Write out exactly the lines of the entries below from the one holding "Go metal-clad in" to the one holding "Москва. 19 октября.", inclusive, and leave out all other lines.

(Items from a dataset)
******

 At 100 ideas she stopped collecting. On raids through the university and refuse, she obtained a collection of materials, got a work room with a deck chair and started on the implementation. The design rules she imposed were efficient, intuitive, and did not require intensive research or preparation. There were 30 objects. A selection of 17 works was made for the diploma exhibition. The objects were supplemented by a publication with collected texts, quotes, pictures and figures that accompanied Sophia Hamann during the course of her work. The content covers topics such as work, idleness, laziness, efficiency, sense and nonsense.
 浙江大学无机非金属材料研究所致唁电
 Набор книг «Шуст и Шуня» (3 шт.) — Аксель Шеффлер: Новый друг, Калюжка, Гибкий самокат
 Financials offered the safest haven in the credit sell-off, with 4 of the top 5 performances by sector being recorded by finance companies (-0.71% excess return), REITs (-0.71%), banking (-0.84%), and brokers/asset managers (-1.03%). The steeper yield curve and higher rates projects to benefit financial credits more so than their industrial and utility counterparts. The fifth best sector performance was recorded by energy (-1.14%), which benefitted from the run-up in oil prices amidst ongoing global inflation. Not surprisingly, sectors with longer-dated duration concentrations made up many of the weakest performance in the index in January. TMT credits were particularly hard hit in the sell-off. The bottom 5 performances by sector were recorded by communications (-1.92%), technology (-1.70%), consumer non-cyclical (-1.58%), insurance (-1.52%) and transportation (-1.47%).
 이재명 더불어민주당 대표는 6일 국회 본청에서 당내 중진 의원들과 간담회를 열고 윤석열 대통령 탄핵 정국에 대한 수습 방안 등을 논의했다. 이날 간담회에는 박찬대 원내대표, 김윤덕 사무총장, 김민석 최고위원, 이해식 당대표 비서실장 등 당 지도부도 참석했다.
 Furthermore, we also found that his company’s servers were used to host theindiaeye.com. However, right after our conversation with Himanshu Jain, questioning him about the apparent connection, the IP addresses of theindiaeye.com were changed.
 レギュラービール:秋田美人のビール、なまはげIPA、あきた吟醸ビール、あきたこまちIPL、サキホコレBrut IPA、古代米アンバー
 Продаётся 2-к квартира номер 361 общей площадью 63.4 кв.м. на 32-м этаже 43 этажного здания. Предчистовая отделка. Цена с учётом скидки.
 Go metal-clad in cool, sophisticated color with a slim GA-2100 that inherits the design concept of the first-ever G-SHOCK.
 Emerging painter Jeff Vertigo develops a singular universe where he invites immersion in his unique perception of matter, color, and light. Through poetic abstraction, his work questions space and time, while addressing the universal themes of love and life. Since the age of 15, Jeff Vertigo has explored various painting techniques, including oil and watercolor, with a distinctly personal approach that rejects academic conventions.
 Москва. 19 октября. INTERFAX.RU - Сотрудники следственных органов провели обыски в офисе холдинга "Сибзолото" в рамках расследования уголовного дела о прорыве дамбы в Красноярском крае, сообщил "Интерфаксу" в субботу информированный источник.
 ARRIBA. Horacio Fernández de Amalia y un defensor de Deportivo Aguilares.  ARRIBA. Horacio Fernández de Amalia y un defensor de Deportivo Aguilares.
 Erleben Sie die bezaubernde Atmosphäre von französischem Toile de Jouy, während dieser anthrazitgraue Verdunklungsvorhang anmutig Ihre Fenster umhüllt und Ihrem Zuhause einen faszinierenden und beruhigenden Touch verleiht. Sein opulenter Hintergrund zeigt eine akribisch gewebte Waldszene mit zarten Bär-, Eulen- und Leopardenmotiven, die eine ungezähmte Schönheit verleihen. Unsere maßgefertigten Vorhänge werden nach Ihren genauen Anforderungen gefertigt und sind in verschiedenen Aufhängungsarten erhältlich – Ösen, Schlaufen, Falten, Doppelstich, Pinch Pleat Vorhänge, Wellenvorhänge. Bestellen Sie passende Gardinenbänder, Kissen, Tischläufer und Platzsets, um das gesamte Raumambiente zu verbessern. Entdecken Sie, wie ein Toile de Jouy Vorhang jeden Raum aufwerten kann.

******

YOUR SOLUTION:
 Go metal-clad in cool, sophisticated color with a slim GA-2100 that inherits the design concept of the first-ever G-SHOCK.
 Emerging painter Jeff Vertigo develops a singular universe where he invites immersion in his unique perception of matter, color, and light. Through poetic abstraction, his work questions space and time, while addressing the universal themes of love and life. Since the age of 15, Jeff Vertigo has explored various painting techniques, including oil and watercolor, with a distinctly personal approach that rejects academic conventions.
 Москва. 19 октября. INTERFAX.RU - Сотрудники следственных органов провели обыски в офисе холдинга "Сибзолото" в рамках расследования уголовного дела о прорыве дамбы в Красноярском крае, сообщил "Интерфаксу" в субботу информированный источник.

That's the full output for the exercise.